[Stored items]
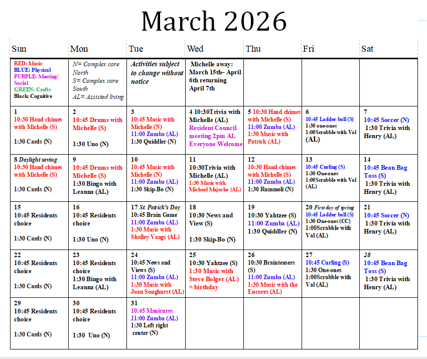Ayre Manor offers a full calendar of creative, social and physical activities for residents of all abilities.
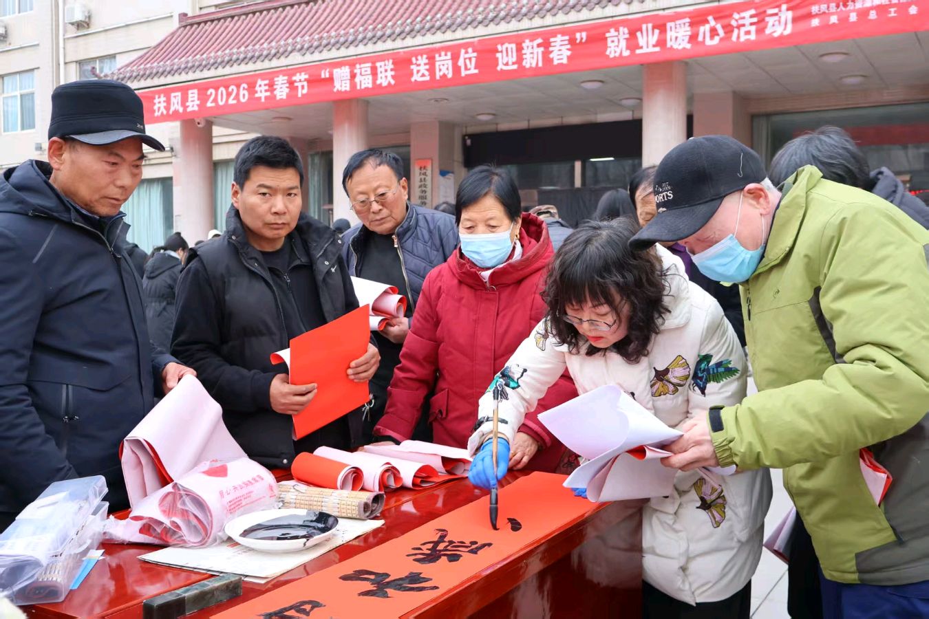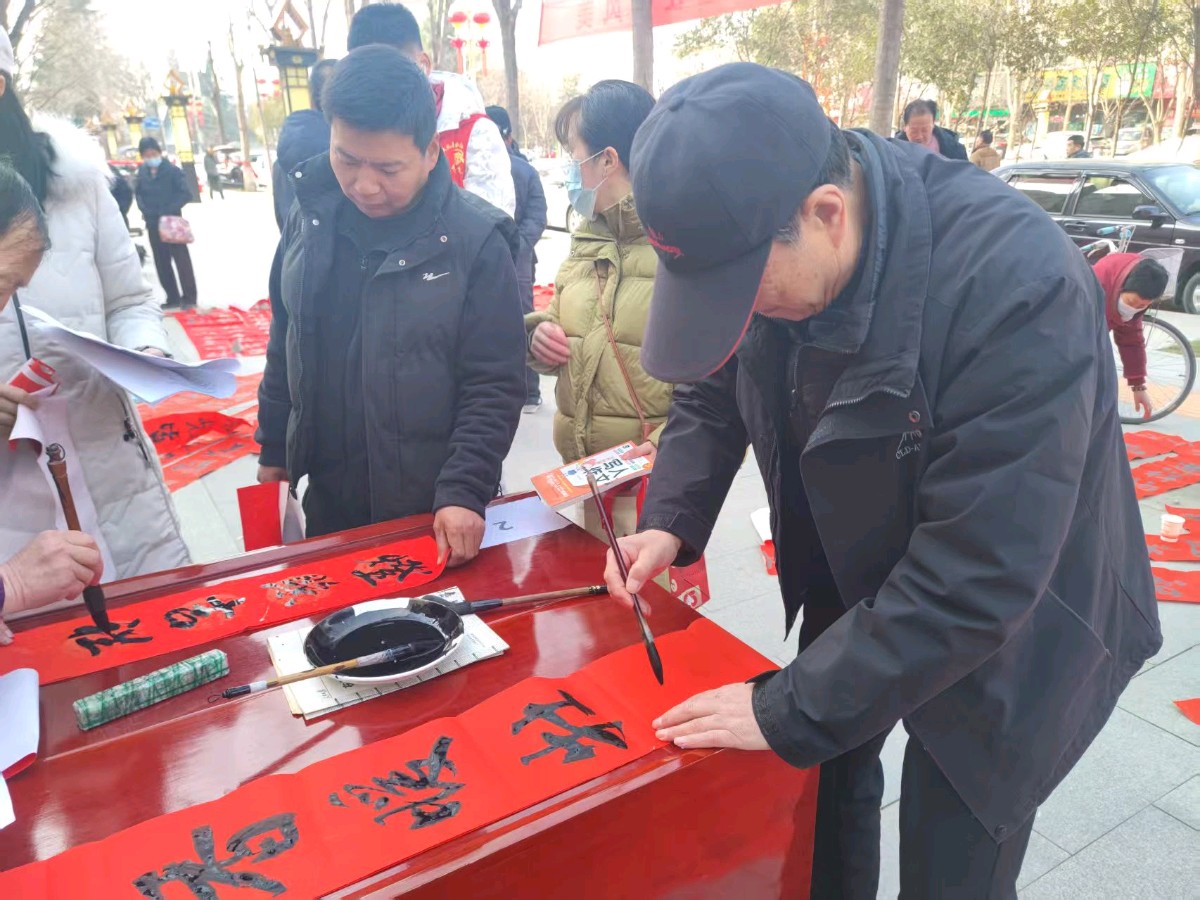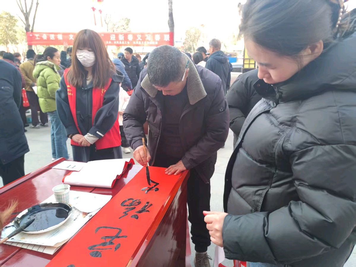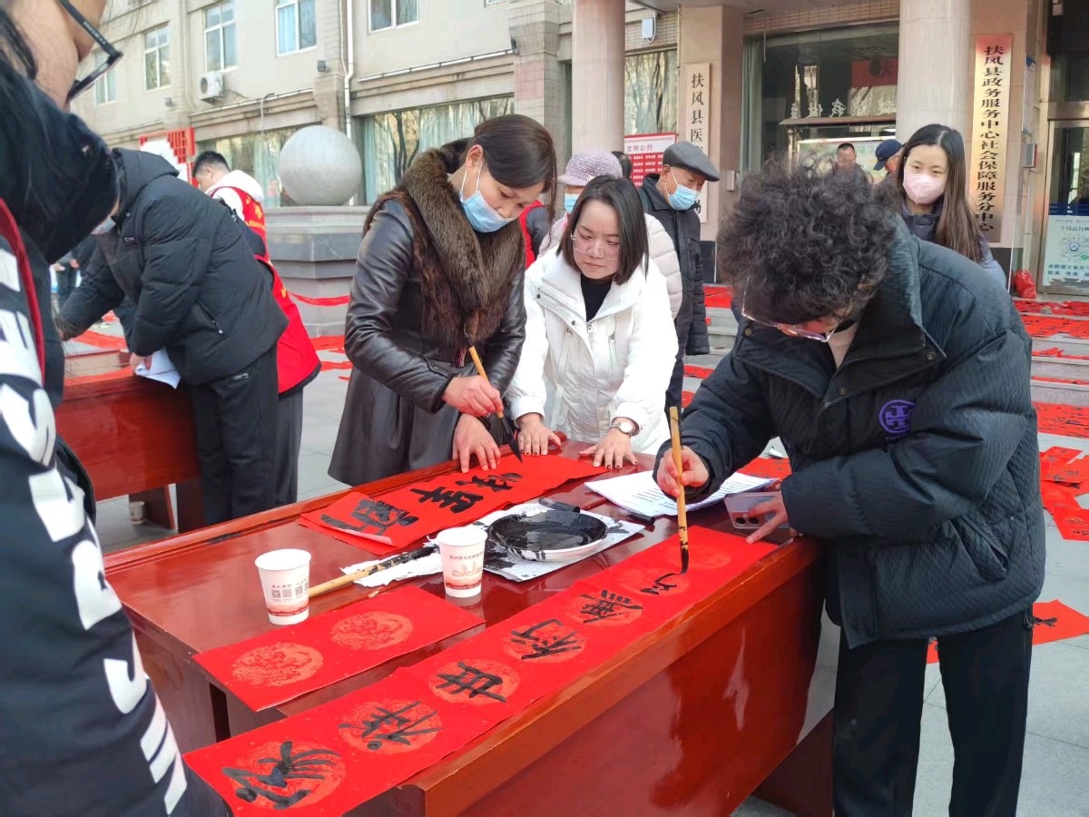 本网讯:(周原子 报道)2026年2月9日(腊月二十二日)上午,“强基工程”2026新春特别行动——“工会送福 文旅添彩”迎新春义写春联活动暨“骏马迎春 翰墨颂福”扶风县第六届春联书法作品展在市民中心大门前广场举行。扶风县总工会、县税务局、县文化和旅游局、宝鸡市楹联学会主办,扶风县图书馆、县书法家协会承办。
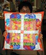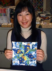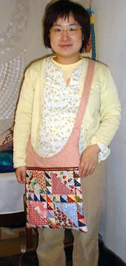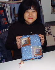 | My first quilt with Log cabin by Naoko Ohtani | Pillow case with Le Moyne Star by Akiko Namekawa | Shoulder bag with one patch by Harumi Minami | |||
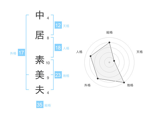 中居 素美夫さんを姓名の画数から五運を鑑定
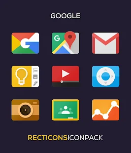 Descriptions : Complete your mobile screen with exclusive icons with a rectangular appearance. Each icon is a real masterpiece and has been designed to create a perfect and purely professional look. The Recticons Icon Pack has been designed with a perfect blend of creativity and simplicity to enhance your mobile experience.
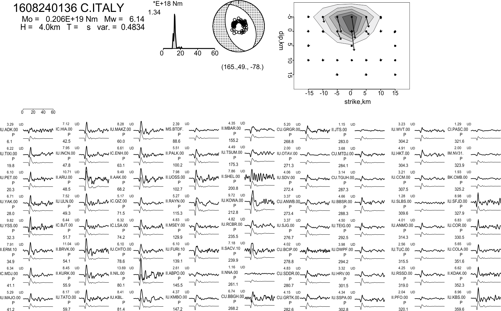 走向、傾斜、すべり角 = (165,49,-78) 地震モーメント Mo = 2.1 x10**18 Nm (Mw = 6.1) 破壊継続時間(主破壊) T = 7 s 深さ H = 4 km

## Your task:
Exact copy, no pictures: reproduce every entry shown above.

## Exercise solution:
Ayre Manor offers a full calendar of creative, social and physical activities for residents of all abilities.
 本网讯:(周原子 报道)2026年2月9日(腊月二十二日)上午,“强基工程”2026新春特别行动——“工会送福 文旅添彩”迎新春义写春联活动暨“骏马迎春 翰墨颂福”扶风县第六届春联书法作品展在市民中心大门前广场举行。扶风县总工会、县税务局、县文化和旅游局、宝鸡市楹联学会主办,扶风县图书馆、县书法家协会承办。
 | My first quilt with Log cabin by Naoko Ohtani | Pillow case with Le Moyne Star by Akiko Namekawa | Shoulder bag with one patch by Harumi Minami | |||
 中居 素美夫さんを姓名の画数から五運を鑑定
 Descriptions : Complete your mobile screen with exclusive icons with a rectangular appearance. Each icon is a real masterpiece and has been designed to create a perfect and purely professional look. The Recticons Icon Pack has been designed with a perfect blend of creativity and simplicity to enhance your mobile experience.
 走向、傾斜、すべり角 = (165,49,-78) 地震モーメント Mo = 2.1 x10**18 Nm (Mw = 6.1) 破壊継続時間(主破壊) T = 7 s 深さ H = 4 km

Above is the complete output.